» Data provided
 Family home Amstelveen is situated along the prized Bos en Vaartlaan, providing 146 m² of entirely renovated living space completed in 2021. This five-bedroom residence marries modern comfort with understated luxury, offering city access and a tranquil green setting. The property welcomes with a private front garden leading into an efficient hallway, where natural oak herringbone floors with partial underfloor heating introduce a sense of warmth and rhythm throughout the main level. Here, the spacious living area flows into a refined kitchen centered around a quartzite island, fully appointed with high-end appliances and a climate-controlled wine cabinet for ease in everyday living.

* * *

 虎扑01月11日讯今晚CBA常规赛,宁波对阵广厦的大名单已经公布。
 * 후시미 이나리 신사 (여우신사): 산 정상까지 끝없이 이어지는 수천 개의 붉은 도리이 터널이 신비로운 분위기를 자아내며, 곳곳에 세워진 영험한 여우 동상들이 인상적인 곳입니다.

* * *

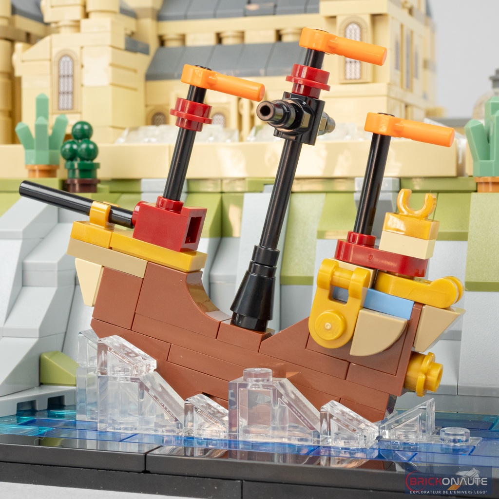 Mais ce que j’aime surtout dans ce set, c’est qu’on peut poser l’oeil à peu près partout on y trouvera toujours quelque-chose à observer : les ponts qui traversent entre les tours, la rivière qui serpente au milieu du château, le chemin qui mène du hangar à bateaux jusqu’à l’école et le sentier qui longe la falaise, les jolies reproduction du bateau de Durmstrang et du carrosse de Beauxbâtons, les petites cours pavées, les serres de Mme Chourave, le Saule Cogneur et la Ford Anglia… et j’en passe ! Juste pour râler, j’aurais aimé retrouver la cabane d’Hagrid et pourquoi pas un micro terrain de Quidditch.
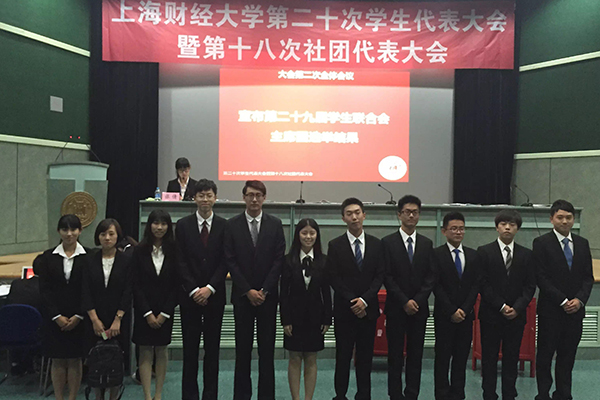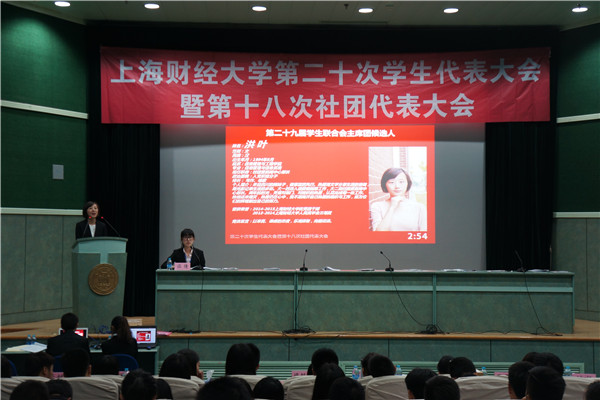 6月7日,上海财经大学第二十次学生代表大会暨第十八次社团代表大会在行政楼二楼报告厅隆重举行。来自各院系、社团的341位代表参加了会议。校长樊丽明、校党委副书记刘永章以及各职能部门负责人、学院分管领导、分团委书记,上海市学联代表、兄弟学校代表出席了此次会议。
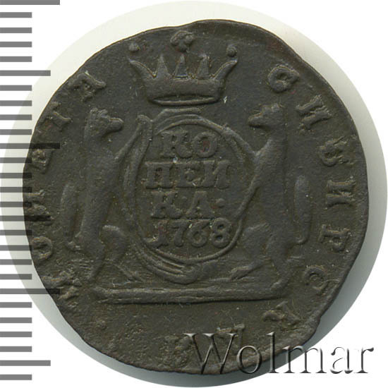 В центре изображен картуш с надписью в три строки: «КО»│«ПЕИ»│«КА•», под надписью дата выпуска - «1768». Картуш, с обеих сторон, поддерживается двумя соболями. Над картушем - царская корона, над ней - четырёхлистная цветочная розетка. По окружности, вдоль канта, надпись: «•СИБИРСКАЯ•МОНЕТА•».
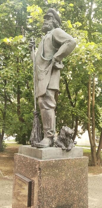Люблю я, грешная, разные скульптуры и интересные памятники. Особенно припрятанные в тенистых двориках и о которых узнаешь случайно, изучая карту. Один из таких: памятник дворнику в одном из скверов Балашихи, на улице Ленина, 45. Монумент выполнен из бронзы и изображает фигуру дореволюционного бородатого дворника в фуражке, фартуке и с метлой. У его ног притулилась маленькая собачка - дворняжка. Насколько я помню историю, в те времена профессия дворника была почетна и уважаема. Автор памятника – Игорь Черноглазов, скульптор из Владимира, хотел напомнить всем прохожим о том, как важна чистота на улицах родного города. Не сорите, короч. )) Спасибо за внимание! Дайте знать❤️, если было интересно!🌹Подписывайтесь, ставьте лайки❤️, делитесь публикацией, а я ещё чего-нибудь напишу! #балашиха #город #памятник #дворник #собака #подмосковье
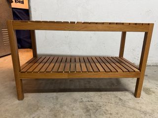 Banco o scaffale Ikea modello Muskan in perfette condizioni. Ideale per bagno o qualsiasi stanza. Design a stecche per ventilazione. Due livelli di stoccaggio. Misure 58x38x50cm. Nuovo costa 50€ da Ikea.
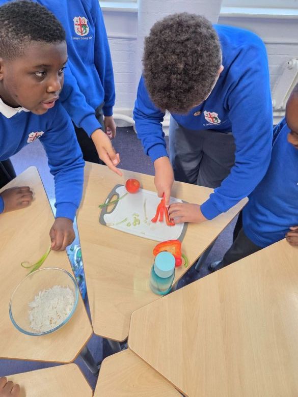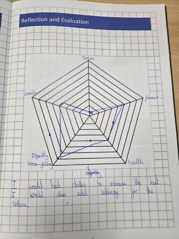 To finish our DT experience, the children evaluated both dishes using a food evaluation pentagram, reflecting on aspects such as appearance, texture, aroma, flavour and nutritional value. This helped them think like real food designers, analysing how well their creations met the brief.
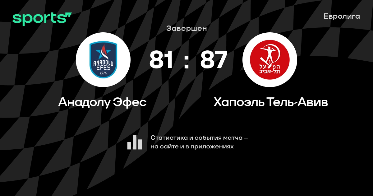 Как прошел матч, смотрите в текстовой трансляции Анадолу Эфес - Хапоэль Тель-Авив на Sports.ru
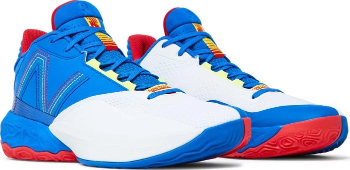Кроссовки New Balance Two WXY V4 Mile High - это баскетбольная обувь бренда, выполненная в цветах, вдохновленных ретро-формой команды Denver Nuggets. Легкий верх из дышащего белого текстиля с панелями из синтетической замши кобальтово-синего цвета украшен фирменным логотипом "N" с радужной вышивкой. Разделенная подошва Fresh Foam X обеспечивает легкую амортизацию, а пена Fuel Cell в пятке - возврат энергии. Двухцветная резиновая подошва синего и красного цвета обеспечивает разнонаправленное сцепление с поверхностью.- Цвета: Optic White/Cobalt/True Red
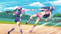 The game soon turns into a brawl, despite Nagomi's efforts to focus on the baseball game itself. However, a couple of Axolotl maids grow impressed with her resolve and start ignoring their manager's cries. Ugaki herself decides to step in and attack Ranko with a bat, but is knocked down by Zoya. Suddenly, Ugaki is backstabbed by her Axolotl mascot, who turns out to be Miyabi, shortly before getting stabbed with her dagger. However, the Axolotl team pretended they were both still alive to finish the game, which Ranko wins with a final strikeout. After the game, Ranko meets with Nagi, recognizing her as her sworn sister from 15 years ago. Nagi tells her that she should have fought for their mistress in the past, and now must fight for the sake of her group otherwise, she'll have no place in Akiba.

» The problem
An exact copy of the lines above from the one with "Banco o scaffale" up to and including the one with "Как прошел матч, смотрите" is required; reproduce only those lines, omitting all pictures.

» Response box
 Banco o scaffale Ikea modello Muskan in perfette condizioni. Ideale per bagno o qualsiasi stanza. Design a stecche per ventilazione. Due livelli di stoccaggio. Misure 58x38x50cm. Nuovo costa 50€ da Ikea.
 To finish our DT experience, the children evaluated both dishes using a food evaluation pentagram, reflecting on aspects such as appearance, texture, aroma, flavour and nutritional value. This helped them think like real food designers, analysing how well their creations met the brief.
 Как прошел матч, смотрите в текстовой трансляции Анадолу Эфес - Хапоэль Тель-Авив на Sports.ru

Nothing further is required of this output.